American companies have a new trick for an old trend of saving money by going overseas – moving their headquarters to countries with lower taxes.  These recent corporate inversions in which U.S. based companies, such as Medtronic and Burger King, reincorporate abroad in order to avoid taxes is part of an ongoing process in which corporations go global to offshore work and shuffle money through “tax havens” to boost profits. Commentators such as Allen Sloan condemn these tactics as unpatriotic and bad corporate citizenship. This highlights the tension between national interests and the pressures of globalization. We know that firms are not tied to particular national borders—a fundamental aspect of capitalism that classic theorists like Max Weber and Karl Marx observed in the 19th and early 20th century— but why are these publicly unpopular actions so prevalent today?

While nation-states have lost some power in the past 30 years, they created the very policies that contributed to economic globalization. U.S. policy since the 1970s has led to an increased financialization of the economy and the opening of global capital flows.
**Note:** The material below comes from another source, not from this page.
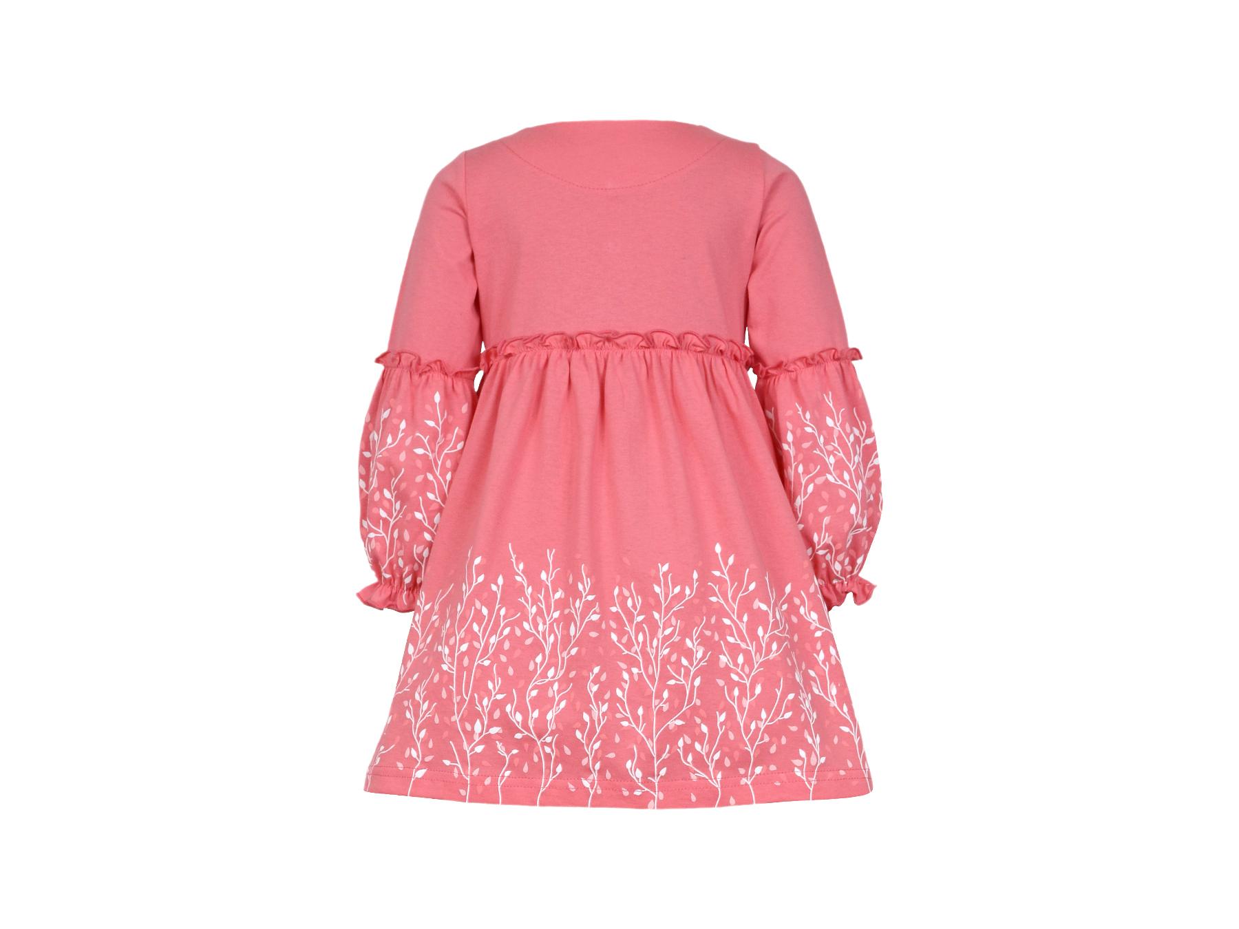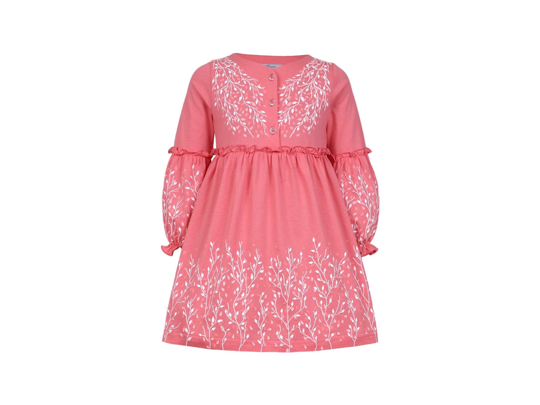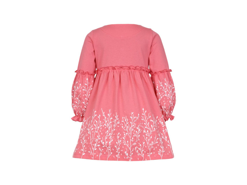 Кулирное полотно:100% х/б. Платье-силуэт трапеция.Длинный втачной рукав,внизу на резинке(шпульная).Завышена линия талии,отрезная юбка.Срезы нижней части рукава и верх юбки со сборкой,обработаны спиральным швом.Печать на переде,рукавах и юбке.Горловина обработана обтачкой.Застежка по переду на пуговицы.

Corporations aren’t just moving overseas due to greedy and unpatriotic CEOs, but the result of decades of change in policy and the global economy. 
Firms also have immediate financial interests in increasing shareholder value and avoiding taxes, even if that means harming national interests or engaging in immoral behaviors. Organizational dynamics, leadership and culture shape business strategies as well as the broader policy and economic context.